Here’s an analogy to help you understand: let’s say after the Merge, you sell your Doodle on the POW chain for 9 ETH hoping for some cool cash. Thing is, once you make that transaction, someone may be able to “replay” that sale on the Post-merge mainnet, selling your POS doodle for the same 9 ETH. Ouch.
To be clear, this is not guaranteed to happen, at least not on the ETHPOW fork. Replay attacks are only possible if the two blockchains share the same chain ID, and Guo has confirmed that won’t be the case with his fork version. This might not be the same for other forks, so the best way to protect yourself is to stay away from any POW forks.

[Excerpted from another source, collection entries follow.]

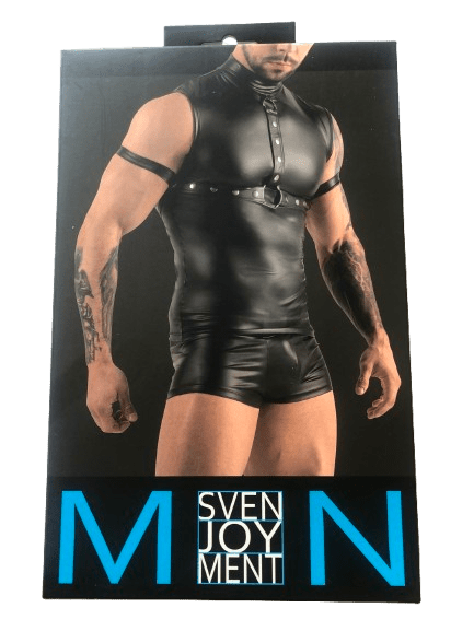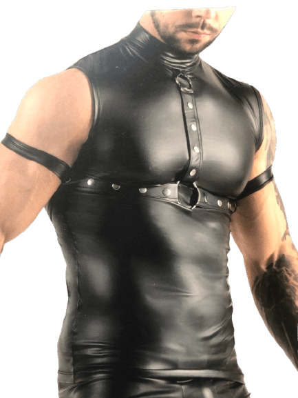 Fræk wetlook shirt med harness og armlænker i sort fra Svenjoyment bondage. og med nitter (ikke aftageligt) På siderne sidder der ringe hvor armlænkerne kan fastgøres. Du kan også vælge ikke at bruge dem. Armlænkerne er også i det flotte mat skinnende wetlook og kan justeres i størrelse via velcrolukninger.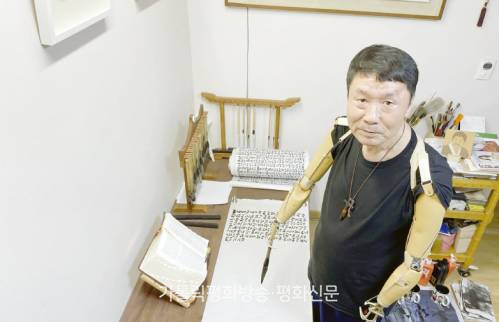 의수(義手) 로 그림 그리는 석창우(베드로, 65) 화백. 그의 본업은 그림이지만, 요즘은 성경에도 푹 빠져 있다. 2015년 1월부터 3년 6개월에 걸쳐 개신교 성경을, 2018년 7월부터 3년 1개월간 가톨릭 성경 필사를 끝냈지만, 요즘도 그는 날마다 3시간씩 성경 필사에 매달린다. 최근에도 39일에 걸쳐 요한복음을 필사했고, 이에 앞서 마르코복음과 로마 신자들에게 보낸 서간도 붓으로 옮겨 썼다. 제37회 성서 주간(21∼27일)을 앞두고 그에게 성경 말씀에 맛 들이며 살아가는 얘기를 들었다.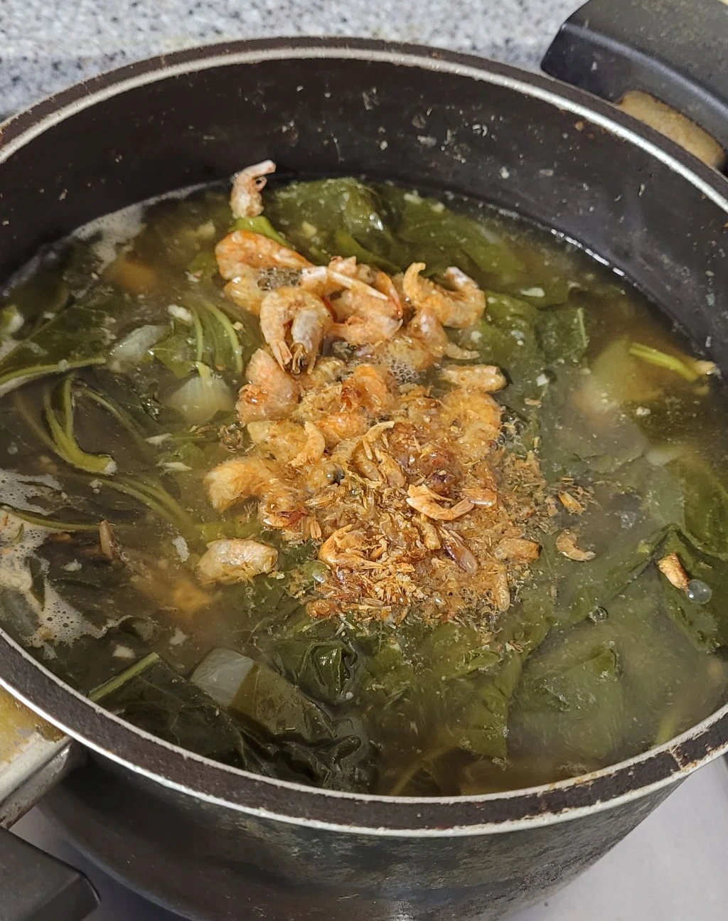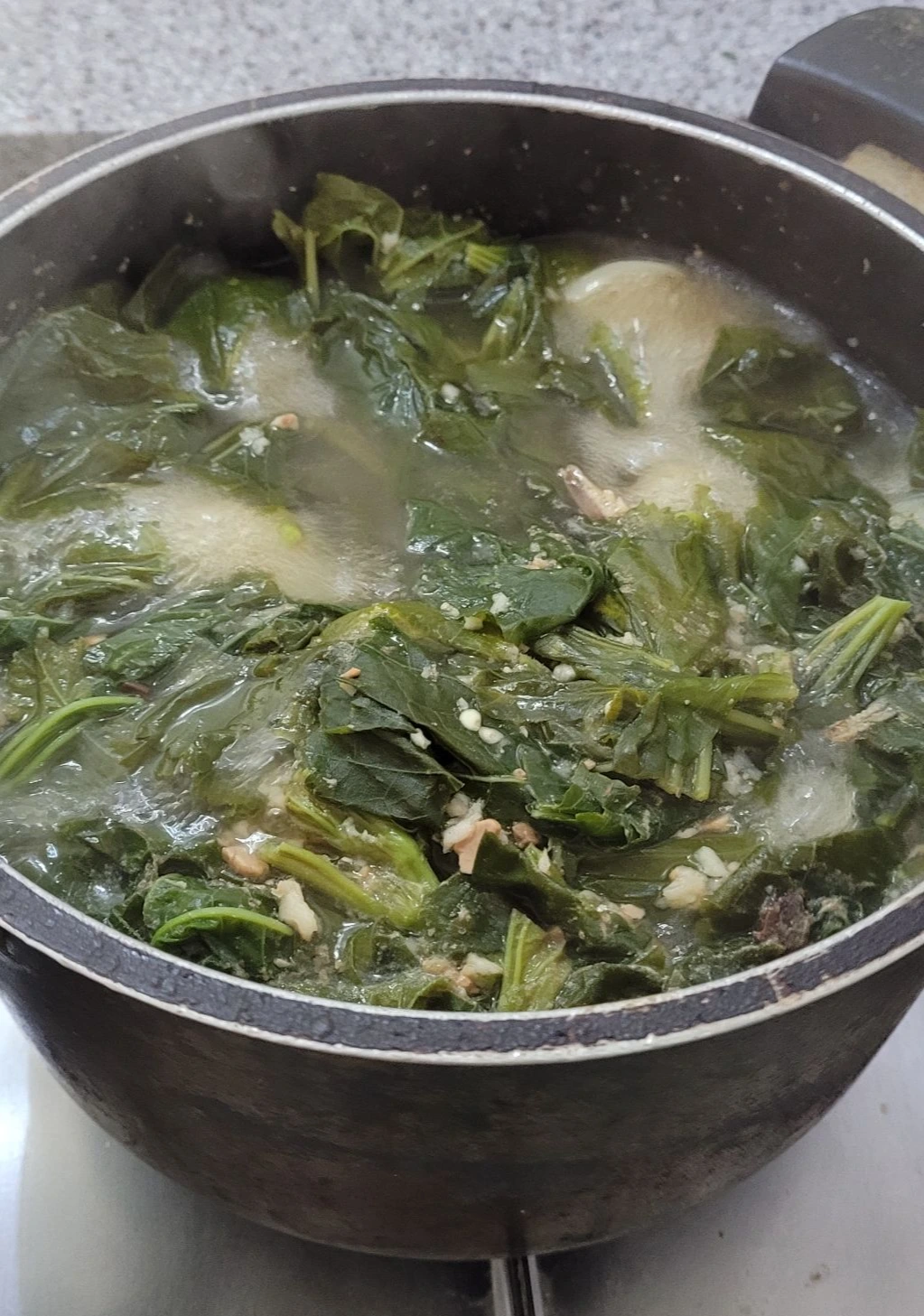 육수 낸 재료는 건져내고 약간의 된장과 아욱, 청양고추, 간 마늘, 양파 반 개를 넣고 끓입니다
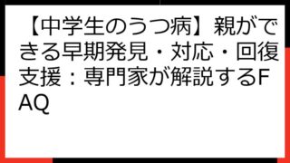 中学生 【中学生のうつ病】親ができる早期発見・対応・回復支援:専門家が解説するFAQ 【中学生の親御さん必見】わが子のうつ病、早期発見・早期対応のための完全ガイド 思春期は、心身ともに大きな変化を迎える大切な時期です。 しかし、その変化の中で、お子さんがうつ病という辛い病に苦しんでいるサインを見逃してしまうことがあります。 ... 2025.08.15 中学生

However, the Ethereum foundation directs that, as a user, you do not need to do anything to protect your funds. Despite the switch, Ethereum’s historical records will remain unaltered. Whatever you owned before the merge will remain accessible post-merge. Do not fall for scams offering to “migrate” your assets to the POS mainnet. There’s no such thing.
If in any case duplicated NFTs exist on NFT marketplaces post-merge, the extent of confusion in the ecosystem will be crazy. With no way of knowing the “official” or “legitimate” copy of any NFT, many users will end up being scammed of their money and NFTs. Even so, more sophisticated traders will attempt flipping the POW versions of their NFTs for bloated profits. But this will be short-lived. Very few members of the broader Ethereum community believe that other POW forks will gain any traction.
ETHPOW critic, and Ethereum classic developer Igor Artamonov, took to explaining in a tweet. “it’s like losing 90% of momentum just on launch… no one would take it [ETHPOW] seriously if it’s not a continuous/ non-stop chain.” Well, some project owners and platforms are not taking it seriously for sure.
Yuga Labs, creator of the Bored Ape Yacht Club, and now the owner of the CryptoPunks IP, confirmed two weeks ago that it will only recognize users with their NFTs on the merged proof of stake chain. Similarly, only those owners can commercialize their NFTs for derivative artworks and projects. Proof, the company behind Moonbirds NFT, also expressed a similar opinion in a statement released by the company.
It’s not just projects alone. Leading NFT marketplace, OpenSea, confirms that it will only support the proof-of-stake chain. The firm said that this is an effort to avoid confusion and protect investors from scammers looking to dupe unsuspecting victims. Nevertheless, Ethereum core developers believe that NFTs will function normally after the merge. Whatever craziness that comes with duplicate NFTs on the forked chains will only be shortlived, as such, there’s no obvious cause for alarm.
There’s no guarantee that everything goes as planned. After all, it’s software we are dealing with. However, the Ethereum developer community expresses confidence that the Merge will be seamless, and I won’t try to openly doubt the pros now, will I? Either way, the best play for NFT folks is to stay informed, avoid risky bets during the upgrade time, and let’s see what happens. I’ll leave you to your time now Anon. Cheers!